The problem
Look below for the line containing "Diyarbakır'ın Çüngüş ilçesinde", then write out that line and every line after it to the end, exactly, minus the pictures.

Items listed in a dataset
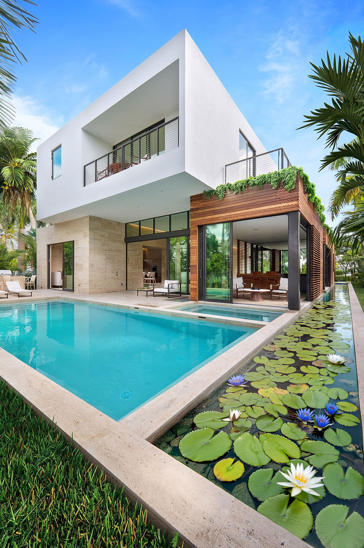 The concept for Bora Bora emerged from the convergence of ambition and inspiration. The client – a savvy, luxury spec developer- set an audacious goal: to command a waterfront price for a landlocked property. We posited- if we can’t bring the property to the water, let’s bring the water to the property. Meanwhile, swirling in my mind while I was brainstorming the design approach was my company’s slogan, “Designing Your Dreams,” as well as the South Florida adage, “We live where you vacation.” With this in mind, I asked my girlfriend of her dream honeymoon vacation destination. She responded, “Bora Bora.” -And I said, “Yes, that’s it!”
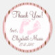 Clássico e eterno - Fundo listrado rosa e castanho com pegadas cor-de-rosa para bebês, obrigado seu adesivo de chá de fraldas. Excelente para favoritos para festas de hóspedes, sacos de presentes ou caixas de favor. Perfeito para um chá de menina. Disponível em outros estilos e cores — visite minha loja "A Princesa Húngara" em www.zazzle.com/hungaricanprincess*. Olhe na minha categoria de departamento "Oh Baby". Também vem em cores azuis para um chá de bebê! Parabéns!
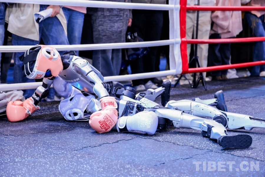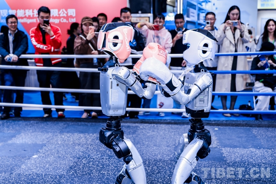 圖為兩位機器人拳手交替進攻,在靈活的站立攻防轉(zhuǎn)換中彰顯了最新的人工智能成果。
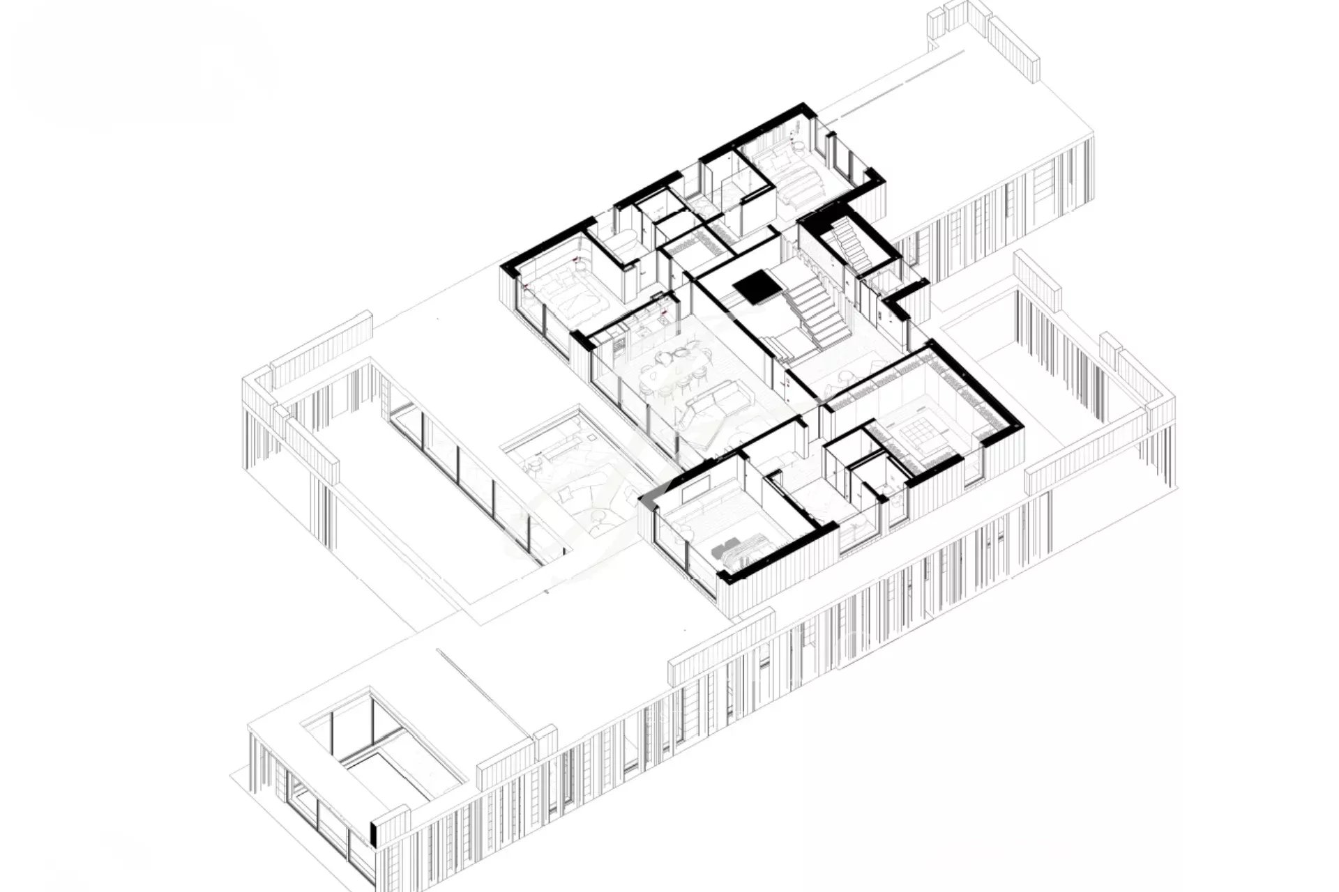 Das Haus erstreckt sich über drei Etagen mit großen, offen gestalteten Gemeinschaftsbereichen und fünf Schlafzimmern mit eigenem Bad und wurde so konzipiert, dass die Aussicht und die Verbindung zum Außenbereich maximiert werden. Große, raumhohe Fenster rahmen Madrid und El Pardo ein, als wären sie lebende Kunstwerke, die jeden Raum in einen privaten Aussichtspunkt verwandeln.
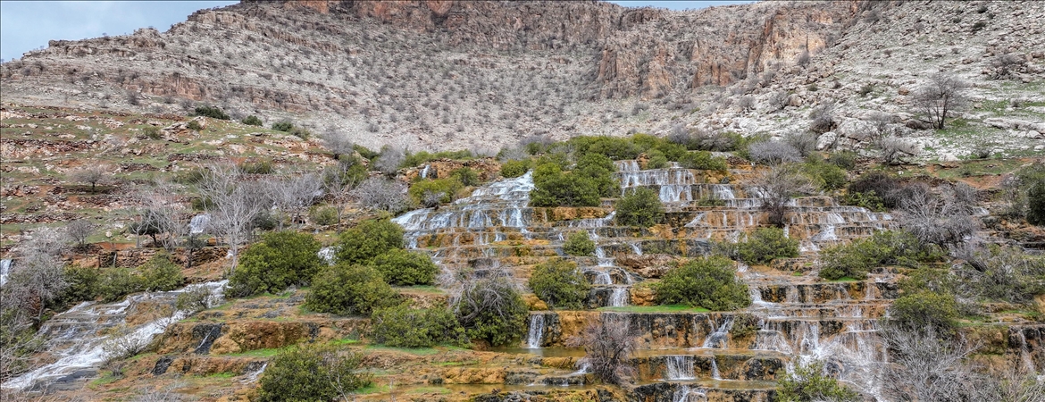 Diyarbakır'ın Çüngüş ilçesinde Maden Dağlarının sarp yamaçlarından çıkan yeni pınarlar şelaleye dönüşerek Atatürk Baraj Gölü'ne dökülüyor.
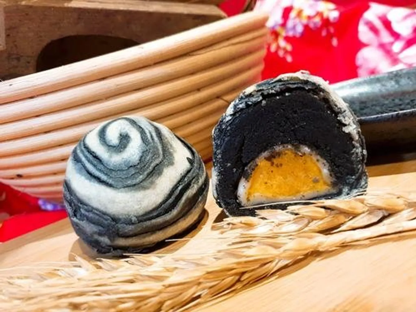 千層紋路如同艋舺八家將臉譜,我們在餅皮添加了竹炭粉,搭配濃郁的黑芝麻內餡,再將鹹鴨蛋黃切碎過篩,用麻糬包覆,增添豐富的口感~

Result for this exercise
 Diyarbakır'ın Çüngüş ilçesinde Maden Dağlarının sarp yamaçlarından çıkan yeni pınarlar şelaleye dönüşerek Atatürk Baraj Gölü'ne dökülüyor.
 千層紋路如同艋舺八家將臉譜,我們在餅皮添加了竹炭粉,搭配濃郁的黑芝麻內餡,再將鹹鴨蛋黃切碎過篩,用麻糬包覆,增添豐富的口感~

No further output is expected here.